Father struck me with his staff. I had failed to recite the Xui incantation for purity. It felt like nails were driven into my jaw and a taste, salt and metal, lingered in my mouth. I lay there, drowning in father's shadow on the training room grounds. Anger over my failings was weakness, yet it growled within like a great panther baring its fangs, hungering to pounce and tear and rip flesh asunder. Blood.
I allowed rage to consume me, claiming my staff from where it lay on the bamboo tiling and swinging with all I was, all I could muster, towards him. Towards my own father. This weakness, this failing, did as father always said it would.
My staff splintered to pieces in my hands as the Xui monk before me set his towering body into one swift strike with his own. It did not feel like a staff.
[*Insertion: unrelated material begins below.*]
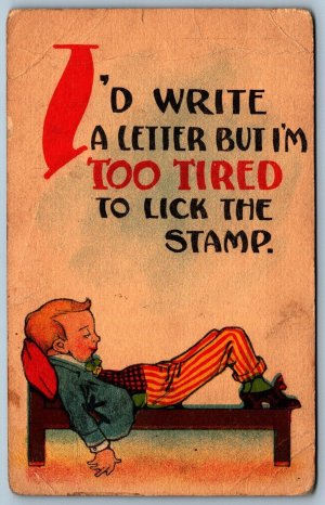 Postcard c1915 I’d Write But I’m Too Tired To Lick The Stamp Lazy Boy Slouching

It was a steel blades honed edge, cleaving straight through my would-be weapon, tearing into my chin just to throw me back to the ground in a heap. The pain raged like a demon, slashing me with claws every moment, inside and out. The panther, in an instant, had been thoroughly tamed. My vision clouded with tears as I lay as no more than a doll in a heap. A doll.
I said, "Forgive me."
Father swished his staff to his side, "Seka, a woman, would not weep as you do," He produced an effigy depicting a man from his sleeve, fashioned from old straw. He tossed it to my feet. "Hold it."
A weeping Jou doll collected sorrow. Spirits took pity on their holders and warded off harm. Father sold them to the passing pilgrims and merchants from frontier cities as protection on their journeys. I made them. I did not deserve otherwise until I could prove it. I had to. Seka would not outdo me—heir to clan Mezore. No room for defeat, none for cowardice.
I hardened my heart and inhaled as many times instructed, trapping the air and feeling my spirit stir in its husk of flesh and bone. I channeled my pain, my sadness, my discontent, and drew the fruit. Hot, scarlet, energy pulsed through my veins. I seized the doll, looked father directly in his coal eyes, set to sockets chiseled from bone and tight, battle-maimed, earthen skin. His dire brows, storm clouds, were set downwards as they usually were when he was off-put. When a storm brewed. When he was disappointed.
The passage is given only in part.